"Well, then, peace!" she said, "peace! for your sake and for mine; for nothing is so hopeless on earth as the love we feel."
We feel! The confession was made! the words were spoken; and, though Seymour feared to urge her farther then, they sunk into his heart, a sweet solace for the years to come.
Poor Arabella Stuart! If she thought, by the walk along that gentle stream, through those soft fields, amidst the old trees waving over head, listening to the voices of the birds, feeling the tender air of spring, talking over a thousand subjects, in which the ever-present impression of their love was only repressed in words to find utterance in vague and fanciful allusions,--if she thought by such means to cure her lover or herself of the disastrous passion which he had so boldly, she so timidly, acknowledged, alas! she was very, very much mistaken. Like the spirit of the Universal Deity of the Pagans, their love was all around them in everything they saw, or heard, or felt, in every word they uttered, unseen, but powerful, throughout the whole creation.
Yet she thought she was seeking safety; and her spirits rose in the unconsciousness of danger, and the certainty of present happiness. Thus, when, some time after, they were joined by the master of the mansion, there was nothing whatsoever in her manner to show that she had been agitated or alarmed; and when they returned to the early dinner of those days, her heart seemed so light, that one might have thought not a drop of royal blood was running in her veins.
"You are very gay," said William Seymour, in a tone almost reproachful, as they entered the hall.
"So gay," she answered, "that I could sit down and sing;--but I fancy cold Sir Harry West," she continued, turning playfully to the old knight, "whose heart no fair lady could ever bring into tune with her own, has not an instrument of music in all his house--no virginals, no lute?"
"Nay," replied the old knight, "you do me great injustice, fairest lady.
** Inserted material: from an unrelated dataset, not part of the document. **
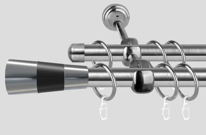 Карниз для штор Decolux металевий дворядний 19 мм Сталь Валео сталь + чорний 320 см стилок 2 труб

I have all my life been the devoted servant of bright eyes. 'Tis but that I have loved them all so well, I never could be such a niggard of my heart as to bind myself to one; and, as to instruments of music--that sweetest of all the many modes of poetry--though virginals, God bless the mark! with their dull tinkling, I have none, yet I possess a lute in my own chamber, such as all the rest of England cannot boast, framed with great skill in Venice, by the famous Mallesini, who taught me how to use it, too, when I was in the City of the Sea, and used to serenade all the Venetian dames."
"All?" exclaimed Arabella, shaking her finger at him. "Fie upon such democracy in love! In that, at least, I would be a monarch, and reign alone, or not at all. But, pray send for this rare instrument, Sir Harry; I would fain try how it will sound under my weak fingers."
"Add but your voice, and the music will be sweet enough," said William Seymour, while the old knight went himself to bring the lute. But Arabella replied not; and a shade of deep sadness passed across her fair face for a moment.
"He is tuning it," she said, the instant after, bending her ear to listen to some sounds which came from a neighbouring chamber. "He is a kind and excellent man." When Sir Harry re-entered the room, she took the lute, and after running her hand for a moment over the strings, sang one of those little ballads which perhaps obtained for her a place in Evelyn's list of fair poets.